Licking your elbow, eating an entire plateful of a food you hate or listening to voice-mails from your mother-in-law are just a few of things that can be nearly impossible to do and that no one can give good advice for. The most difficult of these tasks is probably raising kids, even though there are hundreds of books trying to tell you how to do it. If you’re one of those people who wonder how Chinese parents manage to raise such stereotypically successful kids, get the inside scoop and pay R145 for a copy of Battle Hymn of the Tiger Mother by Amy Chua.
There are some people who have problems even stopping their plants from growing skew; understandably then, raising a child can be one of the most difficult things you’ll ever have to do. Battle Hymn of the Tiger Mother details the story of a mother raising two daughters and two dogs, and while it’s supposed to be about how Chinese parents are better at parenting, it ends up detailing a clash of cultures, a fleeting taste of glory and how the author was humbled by a thirteen-year old.
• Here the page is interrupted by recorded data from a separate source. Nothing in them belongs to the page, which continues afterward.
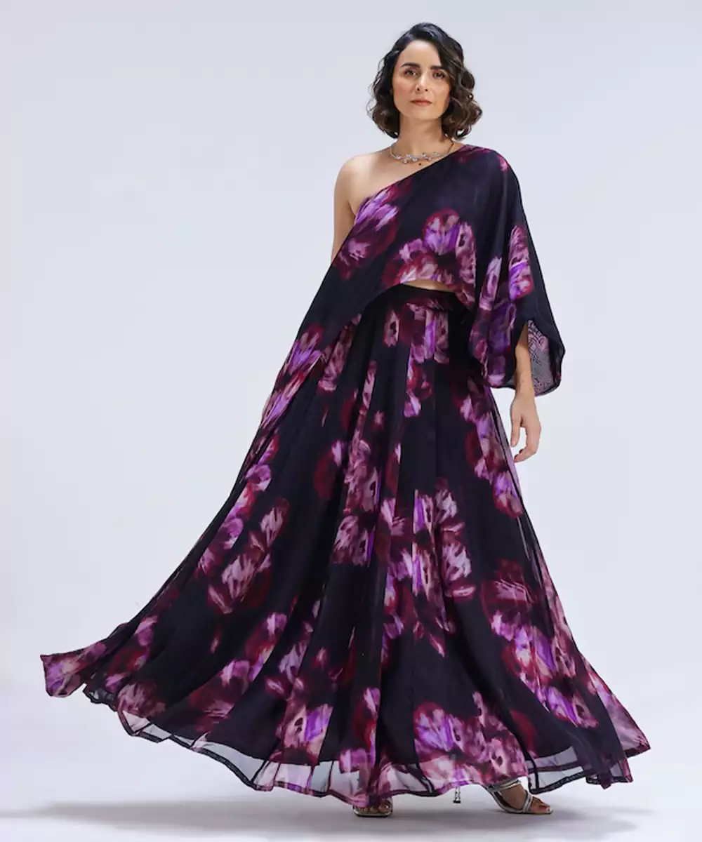 This Multicolor Printed Organza Co Ord Set Exudes Airy Elegance With Its Sheer Texture And Graceful, Lightweight Drape. The Vibrant Prints Add A Festive, Artistic Charm, Creating A Chic Contemporary Look. Perfect For Celebrations, Daytime Events, And Special Gatherings, It Blends Sophistication With Effortless Style For A Standout Ensemble.
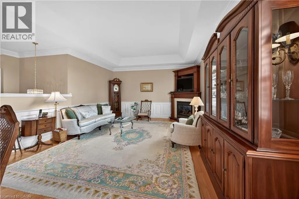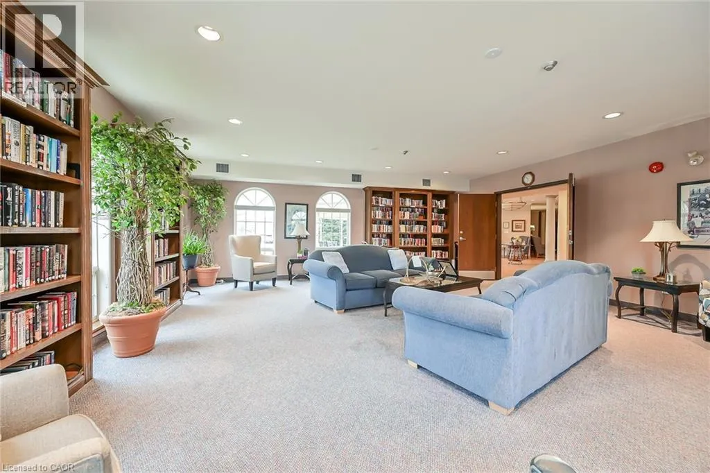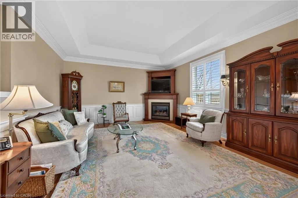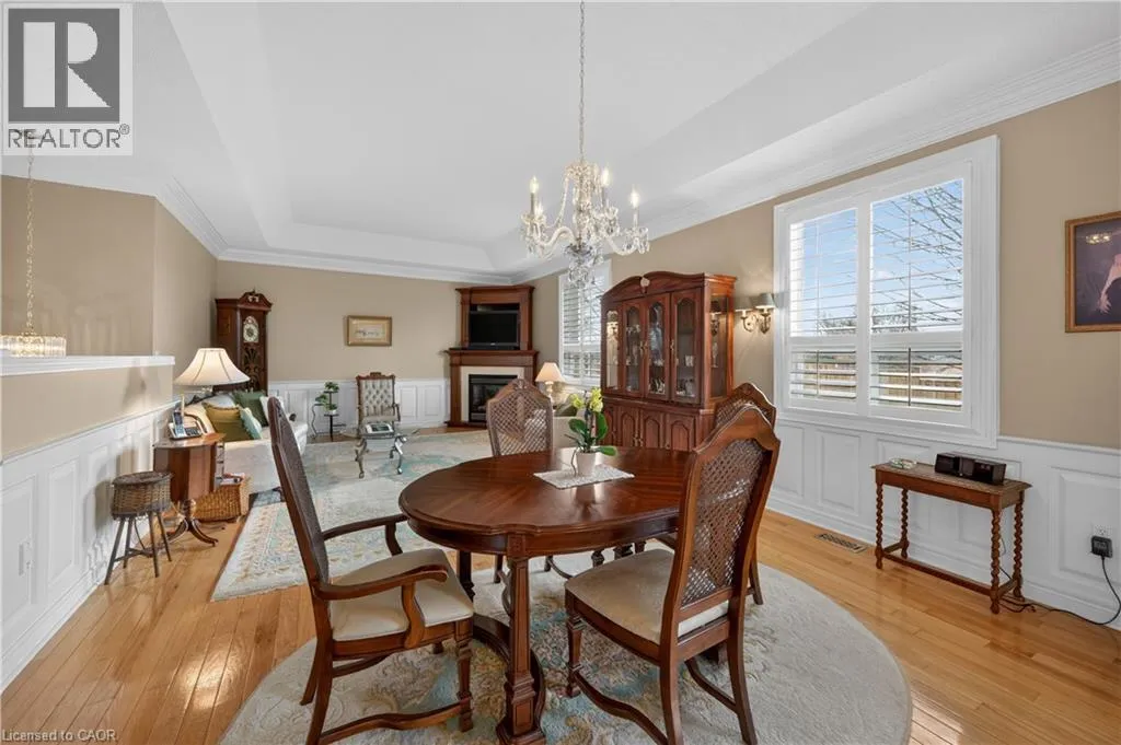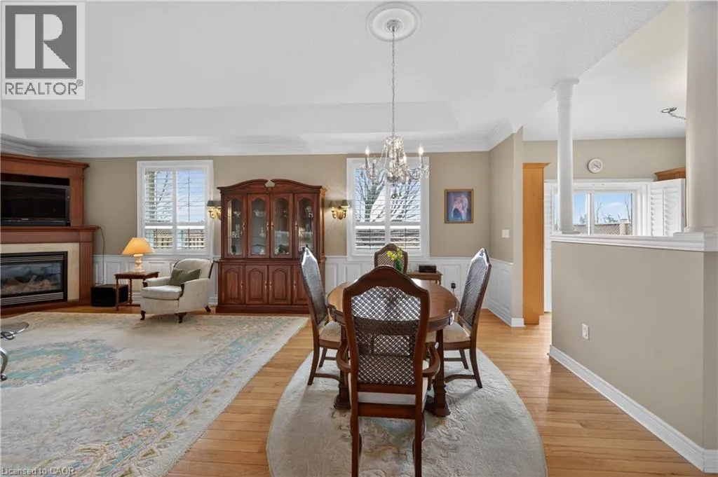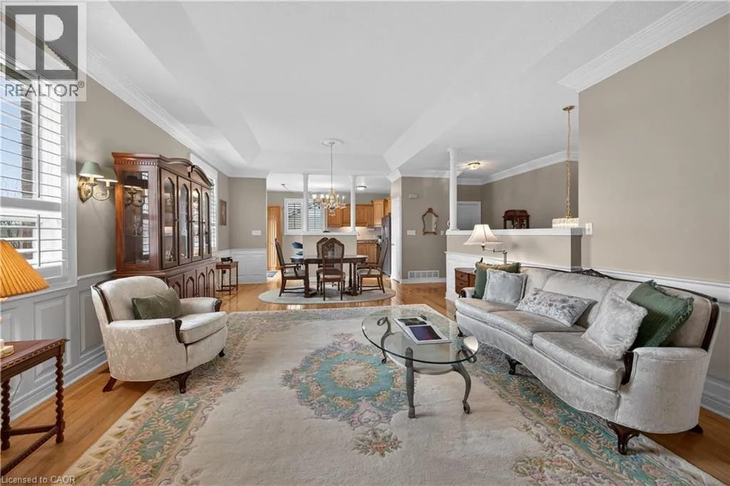 Highway 6 (Upper James) west on Twenty Road, Right at first entrance to Twenty place Rarely offered in the highly desirable Twenty Place; an adult lifestyle community, this fully detached home provides the perfect blend of comfort, space, and community living. Featuring a double car garage with inside entry, this well-maintained home is beautifully finished with an inviting open-concept main floor with a large living room with fireplace, a dining room, and a spacious eat-in kitchen. Enhanced by hardwood flooring, California shutters, and crown moulding throughout the main living areas. The functional layout includes 2 bedrooms, 2.5 bathrooms, and a fully finished lower level with abundant storage space. Step outside to enjoy a generous yard backing onto green space, offering a peaceful and private backdrop. Residents of Twenty Place enjoy access to exceptional amenities, including a pool, hot tub, sauna, exercise room, library, party room with kitchen, shuffleboard courts, and tennis/pickleball court. A wonderful opportunity to enjoy relaxed, low-maintenance living in a vibrant and well-established community. (id:27476)
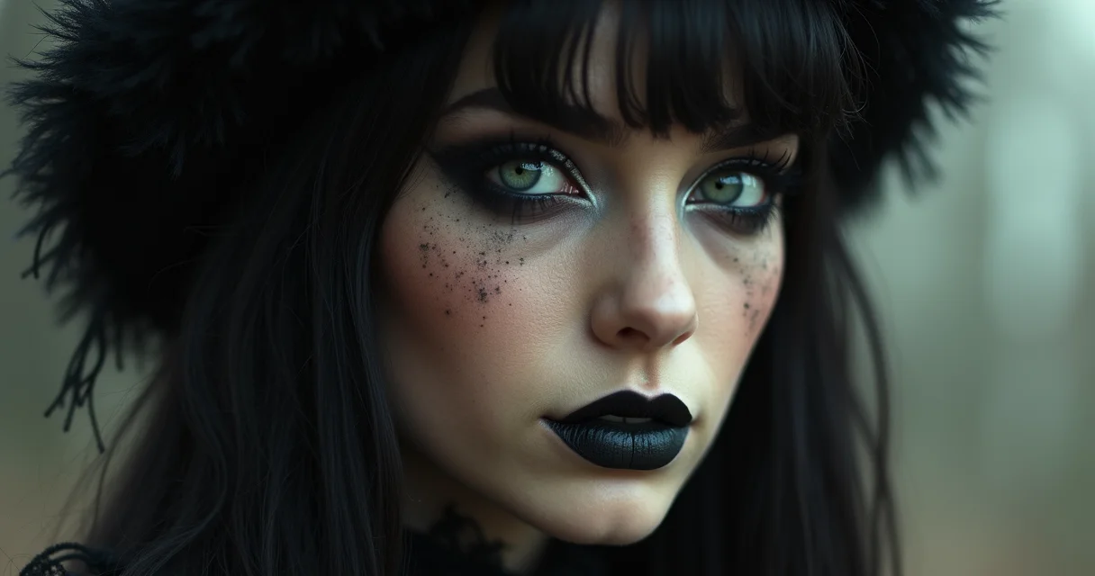 A maquiagem é outro pilar fundamental: olhos marcados com delineador e sombras escuras, lábios em tons de vinho, roxo ou preto, e uma pele pálida que realça o contraste. O cabelo, geralmente escuro e com cortes ousados, complementa essa imagem de beleza intensa e autêntica.
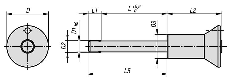 Indicación: Los pernos de bloqueo de bola sirven para fijar y unir piezas de trabajo y otras piezas de forma rápida y sencilla. Presionando el botón pulsador, se pueden desbloquear las dos bolas y, de este modo, insertar las piezas que se vayan a conectar. Al soltar el botón pulsador, las bolas bloquean la conexión de forma segura y permanente.
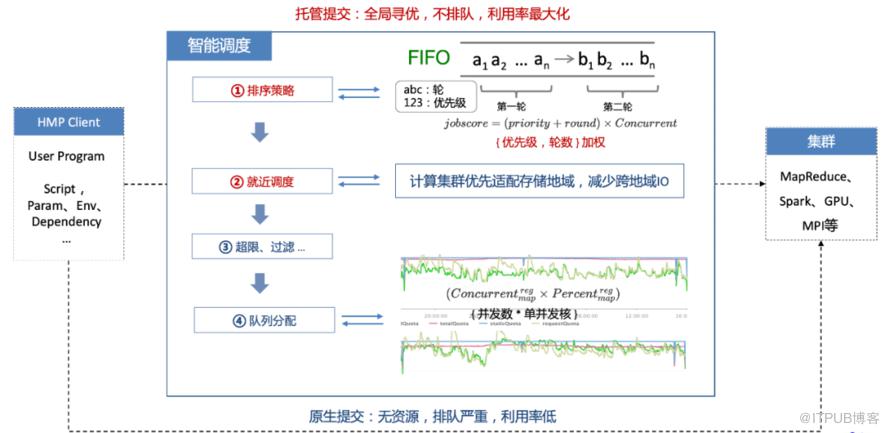 如下图所示,智能调度的整体架构如下,首先一个基于python的client,负责将用户的程序、参数、环境依赖等等进行打包,然后通过智能调度系统异步提交,系统会根据任务维度多维的特征,比如优先级、并发、所需资源等信息结合资源实时的水位进行智能最优匹配,其中调度系统比较核心的也是首要的就是排序,即要解决先调度谁后调度谁的问题,如下图中的排序策略,首先是一个FIFO的队列模型,排序策略会根据任务的优先级、等待轮数进行加权,然后结合任务的并发系数进而计算出来先后顺序,优先级分位三挡,VERY-HIGH、HIGH、NORMAL,优先级越高权重越大,其次是等待的时长越长权重越大,越优先调度;有了顺序后后面会根据任务要读取数据的地域就近匹配计算队列,减少跨地域网络IO的开销,此外还有队列资源打满或异常等过滤策略,以及任务使用资源超限降级等策略,最后是针对排好序的任务进行队列分配,根据实时获取的队列资源水位结合任务提交所需要的资源量(并发数*单并发核数),分配好队列,任务会被worker正式提交到集群上面去。智能调度在整个合池过程中充当非常重要的角色,它能保障任务在合池后性能不退化,通过合理的编排,针对峰谷不一的资源进行打平调度,重复利用闲散资源提升整体资源利用率。
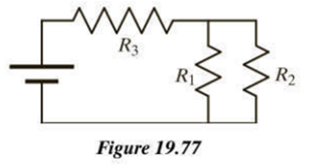 In the circuit shown in Figure 19.77 the emf of the battery is . Resistor has a resistance of , resistor has a resistance of , and resistor has a resistance of . A steady current flows through the circuit.
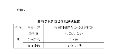 2、政府專(zhuān)職消防員體能測(cè)試標(biāo)準(zhǔn)
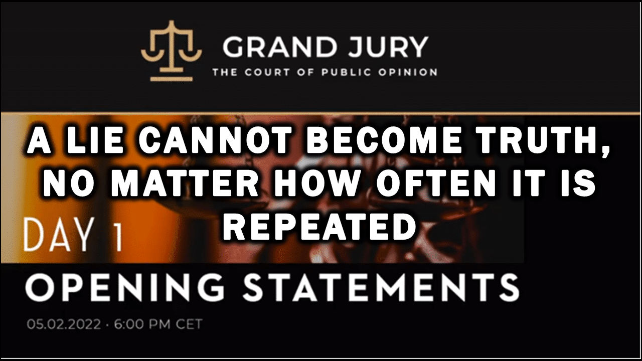 On Saturday 5 February 2022 lawyers gave their opening statements at the Grand Jury Proceeding by the People’s Court of Public Opinion, an international natural law court. Attorney at Law Dexter L-J. Ryneveldt from South Africa gave an opening statement on violations of international codes, the pLandemic and the false narrative of “follow the science.”
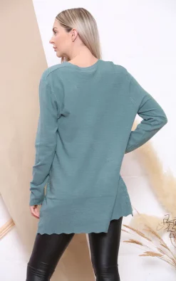 This smart top has a stylish textured pattern of dots and ribs in a diagonal striped pattern. Cuffs and hem have a wavy trim to add extra style to the top. Long sleeves and comfortable fit are perfect for winter.
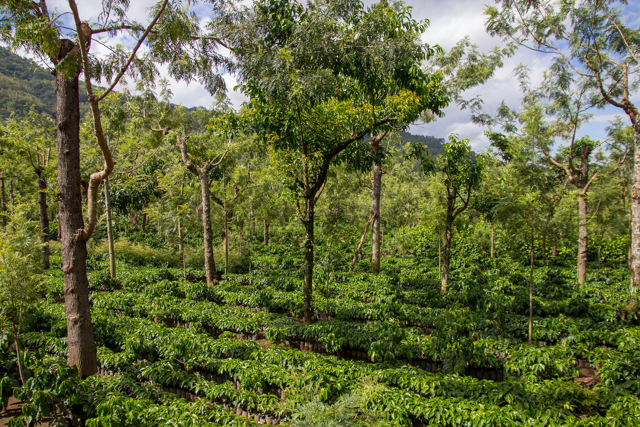 コーヒーの木は苗のポットによって、整列して植えられています。
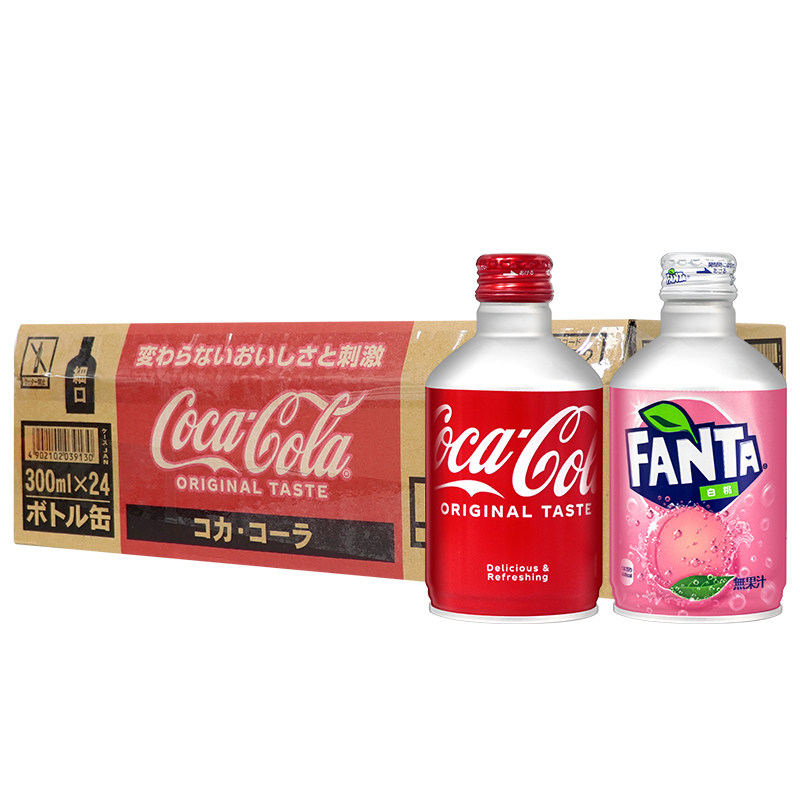 日本可口可乐子弹头可乐饮料300ml 6瓶铝罐碳酸饮料芬达白桃汽水
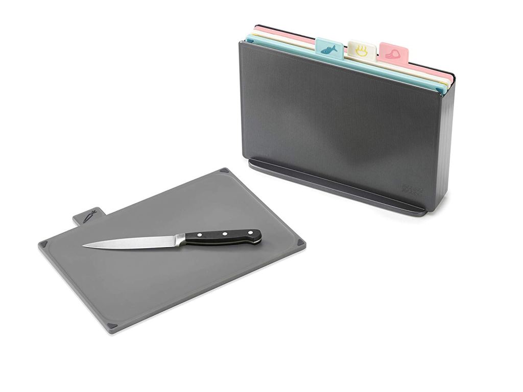 - Joseph and Joseph Chopping Board Nest I never leave home without my set of non-slip, colour-coded chopping boards, which prevent cross-contamination of different food types.

Whether you’re raising your own army of mini-me’s, you’re
looking for a new perspective or you want to find out what banning children
from sleepovers and school-plays will do for the grade average, this unique
memoir will change your ideas of parenting forever. Of course, Amy Chua did
more than prohibit sleepovers and the memoir is better than any self-help book
because Amy has actually been there. She details what it’s like inside the
average family and shows what Chinese parents do to produce so many math
geniuses and piano prodigies – of course, she’s also the kind of mother who
throws a three year-old out into the cold because You can’t stay in the house if you don’t listen to Mommy, complains
that the family rabbits aren’t intelligent enough and turns piano lessons into
gauntlets so gruelling that one girl leaves teeth-marks on the piano.
In Battle Hymn of the Tiger Mother, Amy relates the experience of raising children the Chinese way, the art of obsessive-parenting and one narcissist’s quest for happiness. A best-seller with books translated into eight languages, Amy Chua provides a book bound to cause debate, with enough perspective on parenting to be helpful and diabolically well-written enough to be a hilarious and eye-opening read for everyone.